The final issue was the isolation structure’s ability to contend with the environmental factors during entombment. External factors such as damaging winds, groundwater, and surface water were considered. In addition, internal factors such as degradation of remaining reactor components and sodium were considered. “There remains in the reactor vessel and attached sodium lines a total of 840 pounds of fused sodium hydroxide following reaction residual sodium,” the article states. “This sodium hydroxide residue was evaluated to determine its potential for contributing to the loss of integrity of the isolation structure, specifically from the standpoint of the degree of completion of the reaction of the residual sodium, the effects of corrosion by the residual sodium hydroxide, and potential hydrogen evolution from radiolytic decomposition of sodium hydroxide and contained water. On the basis of this evaluation, it was determined that there is no mechanism internal to the isolation structure capable of causing loss of integrity of the structure within its design lifetime.”

To this day, various reactor components and materials, including the reactor vessel, are entombed on-site in three storage areas. According to the Department of Energy, “Documents describing the layout and dimensions of the former reactor building, location of the buried reactor vessel, and detailed engineering information are sealed in stainless steel boxes that are secured in two locations at the site.”

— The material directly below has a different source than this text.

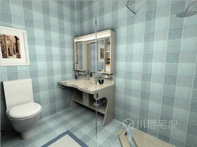 淋浴房用的是玻璃門,整體看上去清爽、整潔。
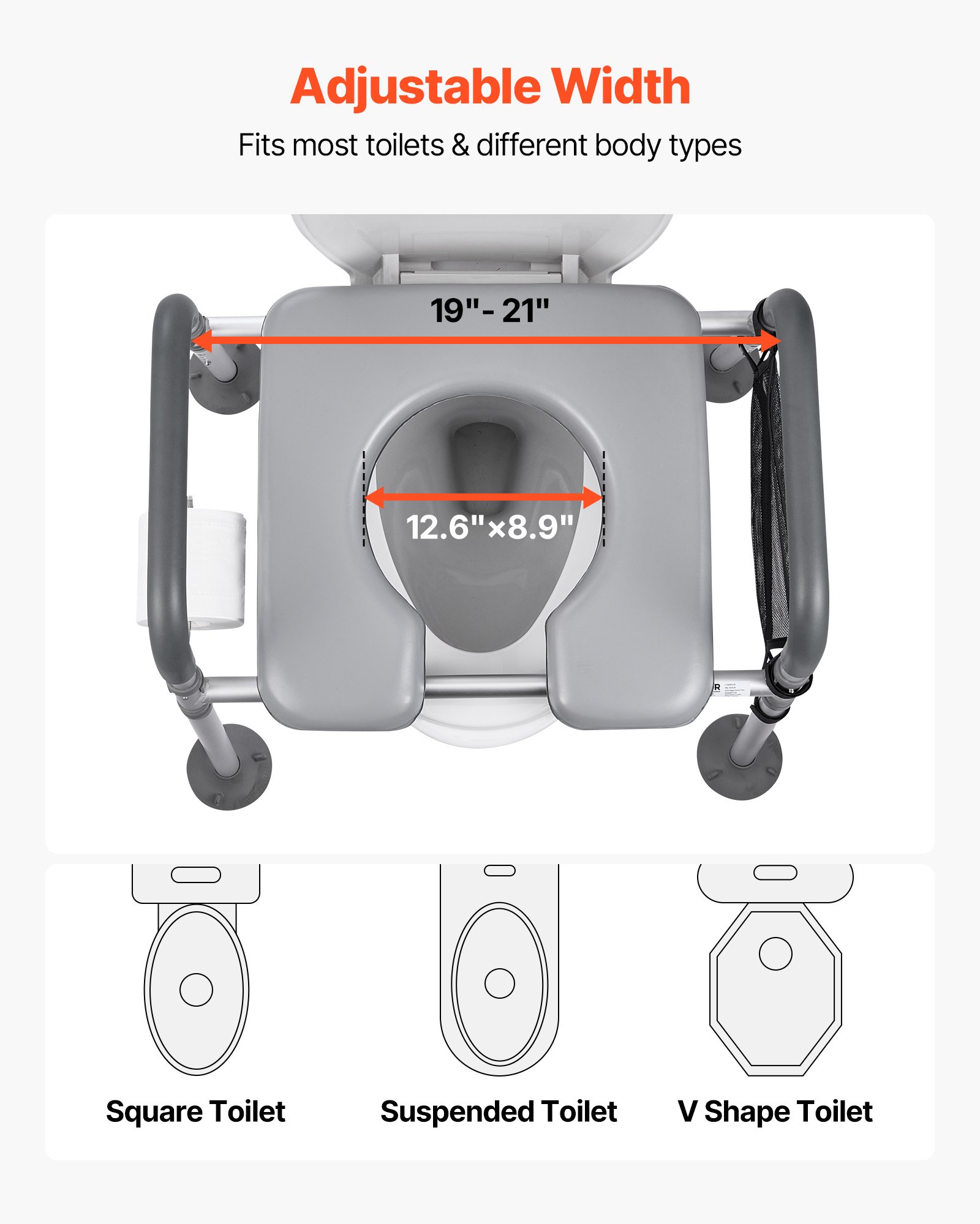 Adjustable Width & Height: This bedside commode chair features 4-level height adjustment via snap buttons, with a seat height range of 20.5-23.4 in/520-595 mm and armrest width of 19.1-21.1 in/485-535 mm. It fits various body types and toilet heights

The DOE further estimates that “the decommissioned reactor can be released for unrestricted use around the year 2070,” according to decay and dose calculations, 101 years after Hallam’s decommissioning was completed. The DOE regularly collects groundwater samples from the site to ensure there is no groundwater contamination. Estimates indicate that by 2071, groundwater monitoring can be discontinued.

Jeremy Hampshire is an ANS member whose avocation is writing about nuclear science and technology’s history. His experience includes time as a lead nuclear quality assurance auditor and a senior nuclear technical advisor.